Nick Polizzi’s latest work describing the development of a new tool for protein design is published in Science

This week, DGL postdoc Nick Polizzi published a paper in Science describing the development of a new tool for protein design: the van der Mer (vdM). vdMs use structural information for a large set of proteins in the PDB to map the location of a chemical group to the backbone position of a contacting amino acid. A small-molecule ligand can be decomposed into a number of chemical groups important for binding, and vdMs can then be used to describe the collective interactions of the protein with the molecule. Protein-chemical group interactions can be ranked based on the PDB-prevalence of the vdMs that describe them, which helps with choosing which interactions to use in a design. By choosing prevalent vdMs and then performing flexible backbone sequence design, proteins can be designed from scratch that tightly and specifically bind a target small molecule.

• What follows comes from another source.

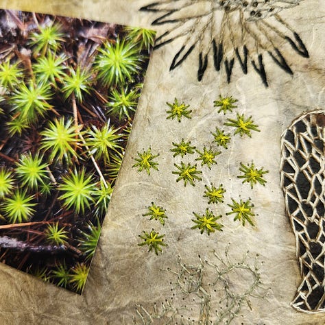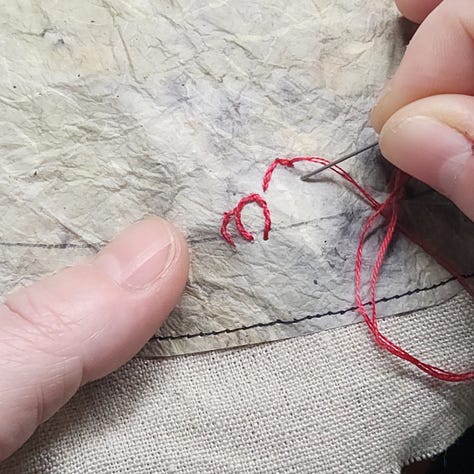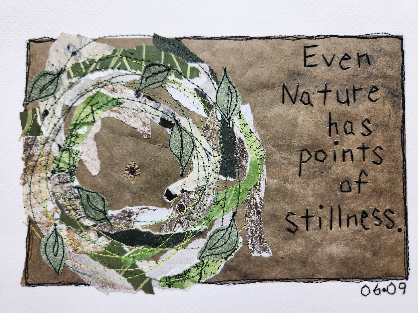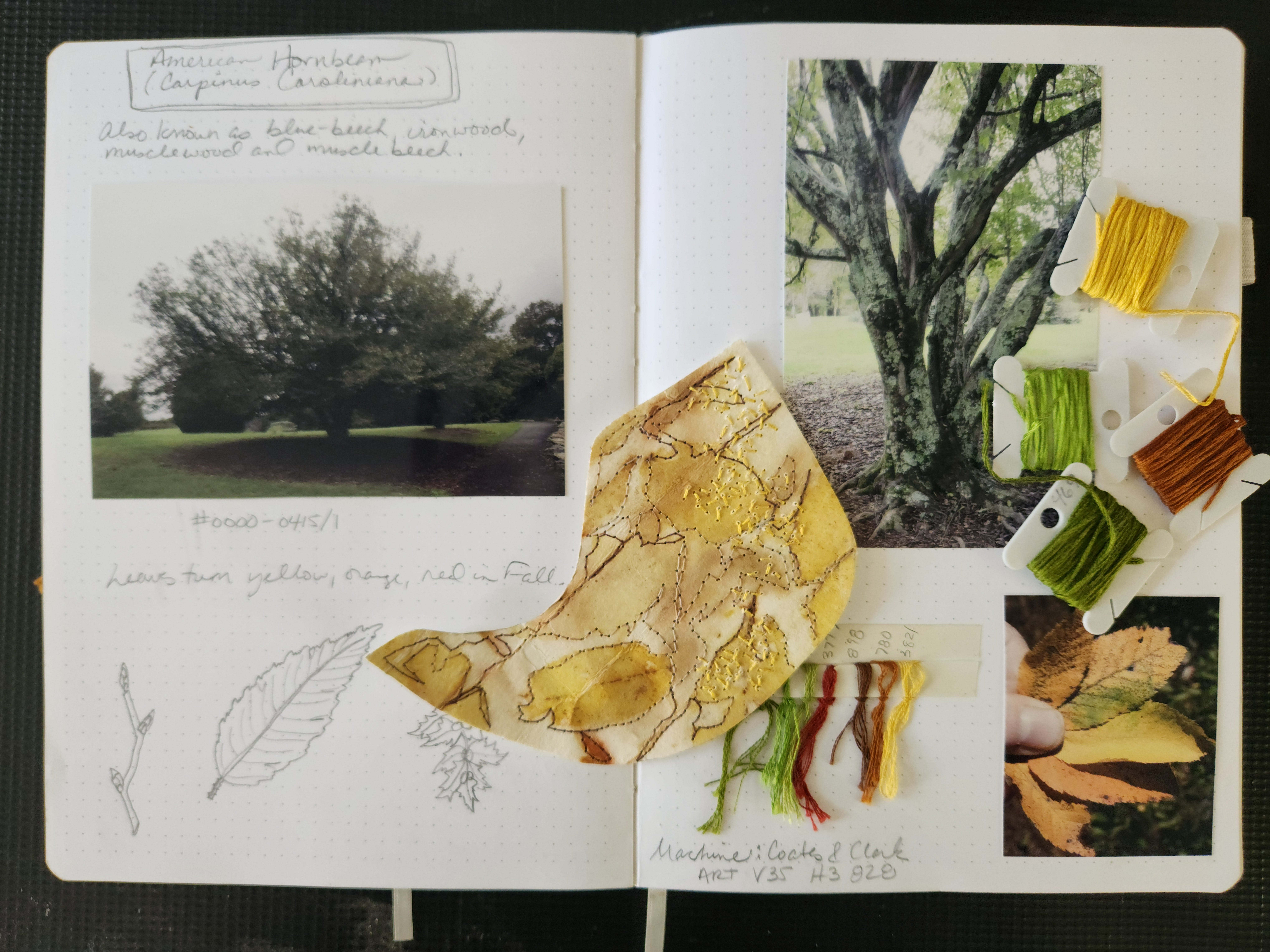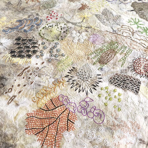 Living always in an in-between state of good days and bad days, temporary improvements and setbacks, never knowing if tomorrow I will be able to accomplish something I set my mind to today - this takes away any illusions of permanence and control. Likewise, my artwork that explores illness and grief also contains more room for chance, following where the materials and processes lead. Eco-printing with plants is a process of exploration and surprise, and I intuitively stitch into the materials I eco-print, relinquishing a lot of control over the art-making process. Somehow, the collaboration with the materials and chance has resulted in artwork that is more personal, more meaningful to me.

Nick demonstrated the approach by designing two (of six) proteins that bind the small-molecule drug apixaban. A high-resolution crystal structure of one of the designs showed the protein-drug interactions predicted by vdMs were largely achieved. Until now, efforts to design small-molecule binding proteins have critically relied on experimentally sifting through large, randomized sequence libraries to achieve binding. vdMs may provide a streamlined approach to solving a variety of protein-design and chemical-biology problems from first principles.

For more info, see the thoughtful Perspective written by Anna Peacock (U. Birmingham) in Science (Can proteins be truly designed sans function?) and the news article in Chemistry World (Viewpoint shift designs drug binding proteins from scratch).

Congratulations to Nick on this great paper!

A defined structural unit enables de novo design of small-molecule–binding proteins.